What's inside. Here's what we know about the internal documents, thanks to Fishkin and [Michael King, iPullRank CEO]:
Current: The documentation indicates this information is accurate as of March.
Ranking features: 2,596 modules are represented in the API documentation with 14,014 attributes.
Weighting: The documents did not specify how any of the ranking features are weighted -- just that they exist.
Twiddlers: These are re-ranking functions that "can adjust the information retrieval score of a document or change the ranking of a document," according to King.
Demotions: Content can be demoted for a variety of reasons, such as: a link doesn't match the target site; SERP signals indicate user dissatisfaction; Product reviews; Location; Exact match domains; and/or Porn.
Change history: Google apparently keeps a copy of every version of every page it has ever indexed. Meaning, Google can "remember" every change ever made to a page. However, Google only uses the last 20 changes of a URL when analyzing links.
Other interesting findings. According to Google's internal documents:
Freshness matters -- Google looks at dates in the byline (bylineDate), URL (syntacticDate) and on-page content (semanticDate).

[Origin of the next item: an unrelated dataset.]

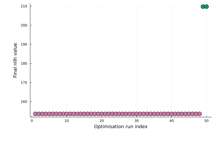 x0s = get_startguesses(rng, petab_prob, 50)Given x0s, multi-start estimation can be performed by calling calibrate repeatedly. For convenience, calibrate_multistart combines start-guess generation and estimation: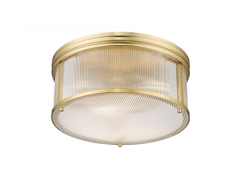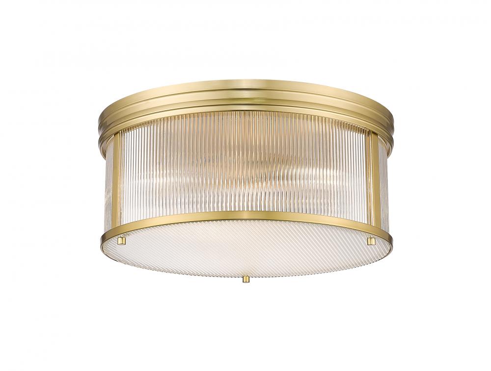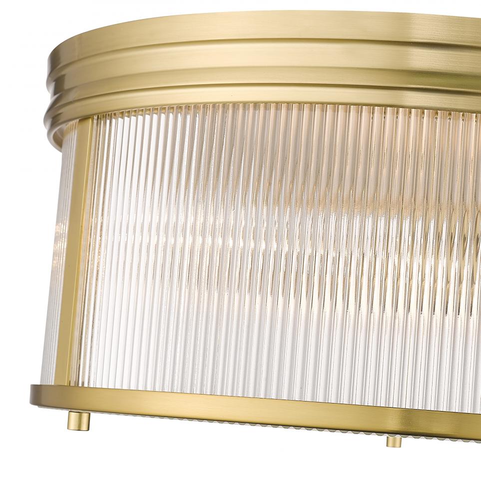 Architectural ribbed glass creates rich texture and depth for a modern four-light flush mount ceiling light thats versatile enough for virtually any room. Its modern gold finish provides striking warmth and glam elegance, perfect for an entryway, living area, or bedroom.

To determine whether a document is or isn't a core topic of the website, Google vectorizes pages and sites, then compares the page embeddings (siteRadius) to the site embeddings (siteFocusScore).
Google stores domain registration information (RegistrationInfo).
Page titles still matter. Google has a feature called titlematchScore that is believed to measure how well a page title matches a query.
Google measures the average weighted font size of terms in documents (avgTermWeight) and anchor text.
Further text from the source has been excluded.